= Prerelease cover version =

In the music industry, a prerelease cover version is a type of cover version that arose during the "iTunes era" of the early 2010s when a cover artist released a version of a song before the original artist does. This practise took advantage of a 'release window'; it occurred when an upcoming song receives much airplay despite not yet having been released. Prerelease cover versions were common in the UK for a period because of the unique situation there in that songs by big acts got weeks of airplay before being released, giving cover artists enough time for session musicians and computer experts to record a near-exact cover version of the song.

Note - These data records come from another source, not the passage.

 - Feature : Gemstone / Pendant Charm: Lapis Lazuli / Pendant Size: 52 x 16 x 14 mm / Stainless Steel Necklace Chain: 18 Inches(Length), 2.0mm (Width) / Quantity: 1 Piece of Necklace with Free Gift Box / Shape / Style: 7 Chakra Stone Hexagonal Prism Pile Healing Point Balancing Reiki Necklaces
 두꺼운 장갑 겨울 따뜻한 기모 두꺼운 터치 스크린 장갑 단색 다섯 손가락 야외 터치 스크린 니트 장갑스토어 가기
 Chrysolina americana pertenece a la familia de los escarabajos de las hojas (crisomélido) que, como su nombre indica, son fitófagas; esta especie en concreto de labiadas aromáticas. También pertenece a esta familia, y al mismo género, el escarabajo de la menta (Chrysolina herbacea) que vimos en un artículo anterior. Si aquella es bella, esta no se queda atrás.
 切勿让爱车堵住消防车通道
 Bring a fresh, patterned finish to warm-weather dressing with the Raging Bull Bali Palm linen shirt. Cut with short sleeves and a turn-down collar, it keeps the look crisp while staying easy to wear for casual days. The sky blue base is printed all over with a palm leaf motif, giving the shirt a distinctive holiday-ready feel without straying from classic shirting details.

For example, UK number one "Talk Dirty" by Jason Derulo featuring 2 Chainz, made No. 71 the week before it made No. 1 in the form of a prerelease cover version by Select Hits. Usually the original artist's record label would notice the cover version and release the original early; one example is when Can You Blow My covered Flo Rida's "Whistle" and making the top 40 at No. 38, causing Rida's record label to rush-release the song mid-week. Avicii's "Wake Me Up!" was intended to be released on 8 September 2013 however on 15 July 2013 the Official Charts Company announced that it would be released that week after a group called Spark Productions recorded a prerelease cover version and made No. 26 on the UK Singles Chart with it.

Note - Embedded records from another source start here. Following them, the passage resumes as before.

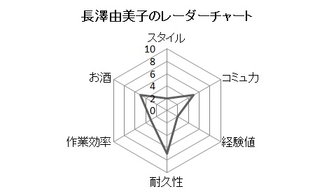 | スタイル: コミュ力: 経験値: 耐久性: 作業効率: お酒: |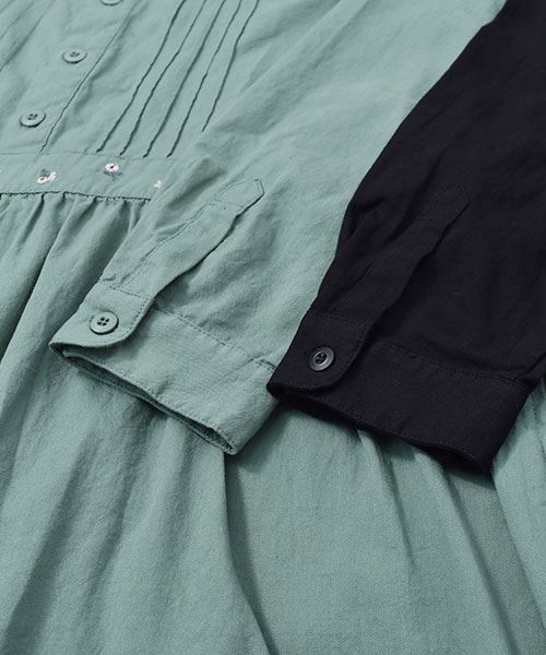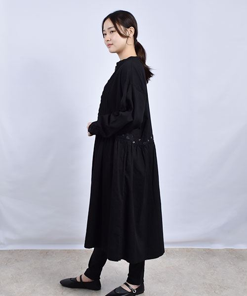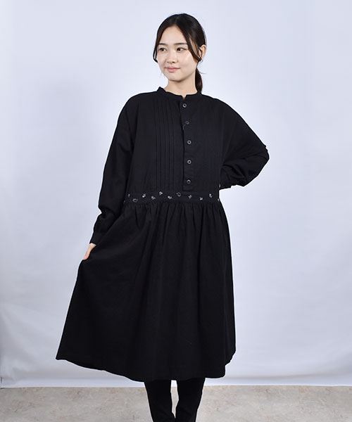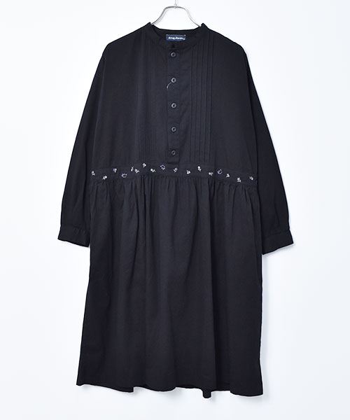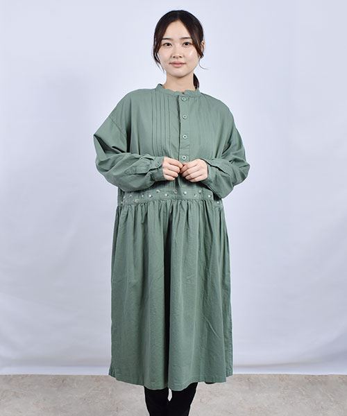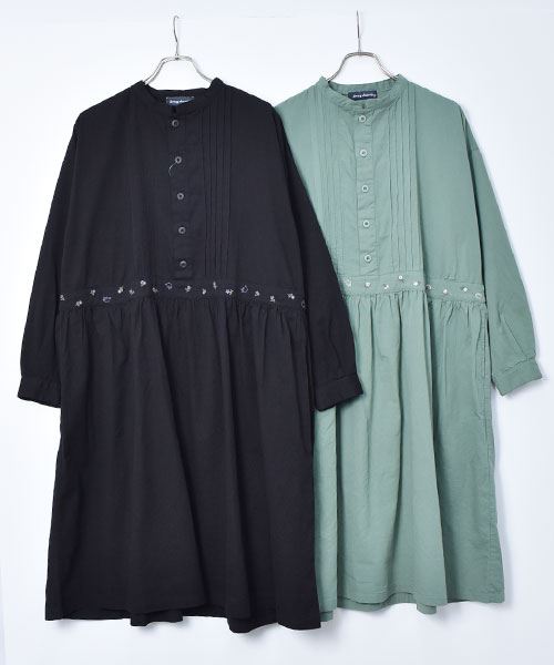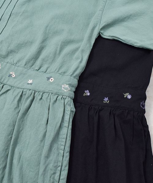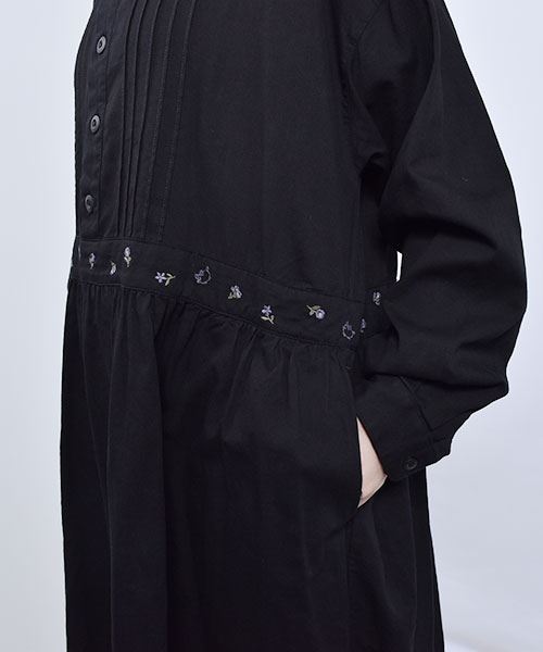 drug store's 花刺繍 ピンタック ウエスト切替 ワンピース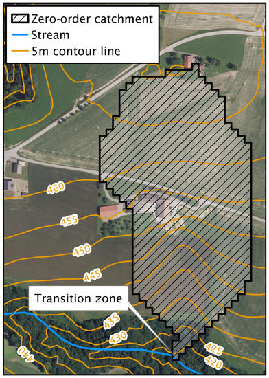 Example of a zero-order catchment (catchment area belonging to a single overland-channel transition zone) based on a DEM with resolution and the D8 single flow direction algorithm [41].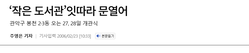 관악저널, 2006 「봉천2,3동에 ‘작은도서관’ 잇따라 개관」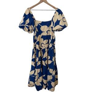 Meadow Rhode Cottagecore Dress Size XL Blue Floral Puff Sleeve Maxi Cotton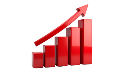 A 3D rendered red bar chart with an upward trending arrow against a black background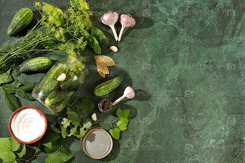 Рецепт домашнего маринования, огурцы и ингредиенты для мариновки, огурцы в банках с чесноком и укропом на деревянном кухонном столе, рустический стиль, концепция консервирования дома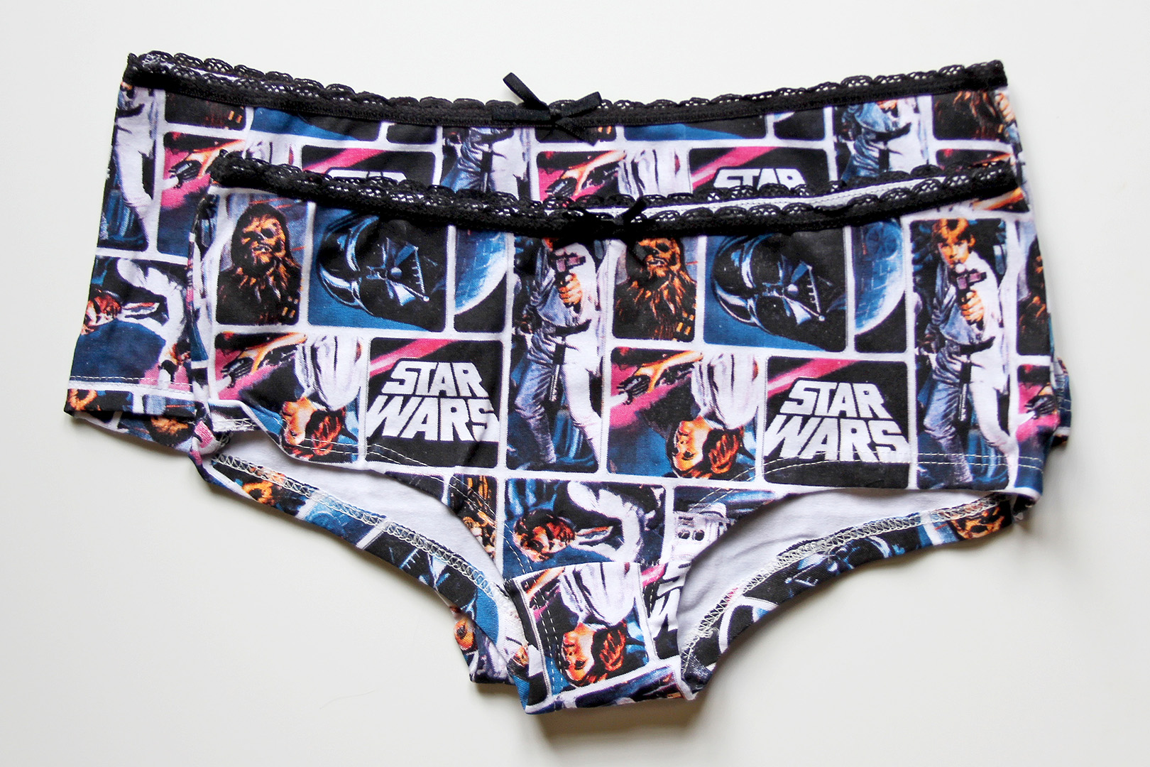 The three women’s briefs each feature a different design – a pink pair with a repeating Star Wars logo print in black, a multi-colour pair with a poster art grid pattern, and a black pair with ANH dvd cover art image with a gold border (which looks like glitter, but only printed).The briefs are 95% cotton, 5% elastane, with a trim of lace along the top edge, accented with a small bow at the front. The pink and multi-colour briefs are sewn from printed fabric, while the black pair has the image printed on the front (the back is plain). Funnily enough that matches the underwear set by Peter Alexander – that is, two pairs from printed fabric, one black pair with a printed image on the front. The printed image doesn’t stretch, so it could be prone to cracking over time if overstretched. The size xs measure approximately 29cm across the waist band, while the size s measures approximately 34cm across – you can see a size comparison in the photos below. I think they’re fantastic, so happy to have some more Star Wars to wear under my clothes too!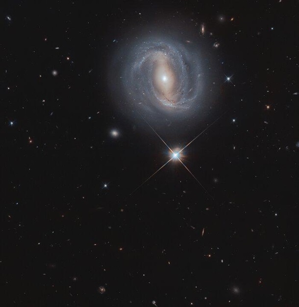 Под диском галактики заметна яркая звезда. Астрономы отметили, что она на самом деле находится во Млечном Пути.
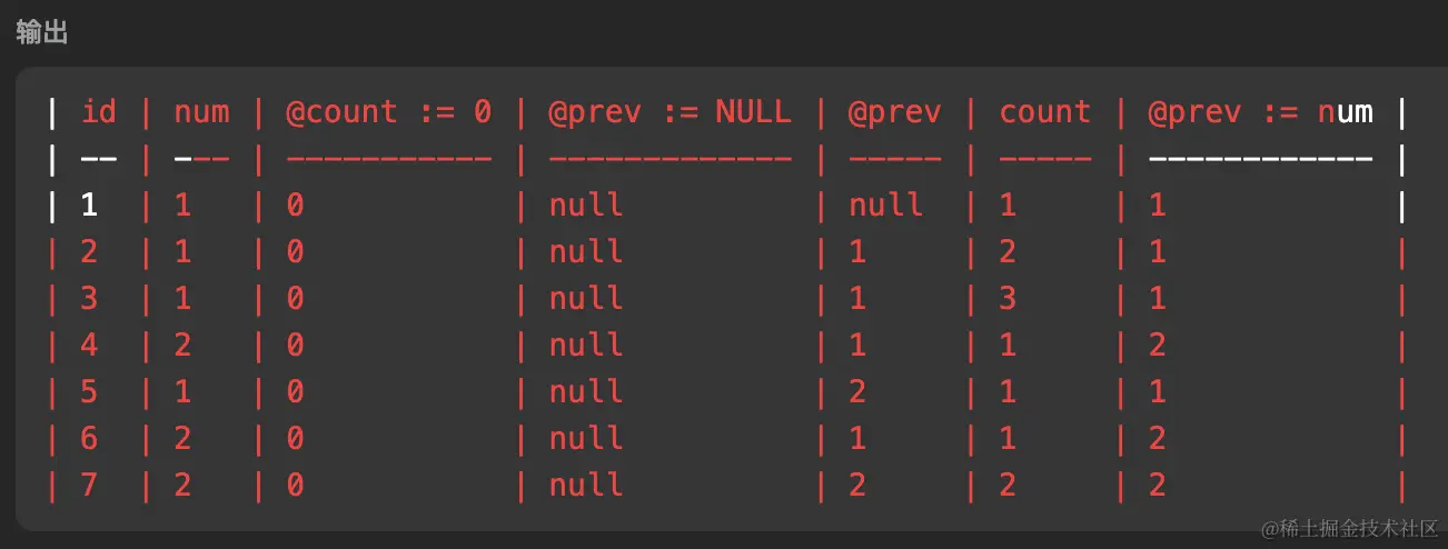 - 定义两个变量,@count用于统计重复次数,@prev用于存储前一个数。

A successful prerelease cover version is Precision Tunes' version of Maroon 5's "Payphone", which sold 34,492 copies and charted in the top ten on three charts. After The Sunday Telegraph tracked him down, he said that "We have currently restructured [PT Records] and its employees, [and] are in the process of issuing takedowns [of our previously released covers] and researching accounting for those releases and plan to relinquish any monies made on the nine releases".

==Legal status==
While the practice is legal, the area of licensing they operated in has been described by PRS for Music as "tricky". Barney Hooper from PRS for Music said that along with record labels and publishers the trend was something they were "investigating" and "thinking about a bit more".
Let's say if they chart very highly - that could be quite a bit of money that the performer who was meant to perform it would be losing out on. We want consumers to know that they are buying a track or a song that's by the people they think should be performing it.
— Barney Hooper

In the United States, a songwriter has the preemptive right to determine who will record the first version of a song, making prerelease covers less common there.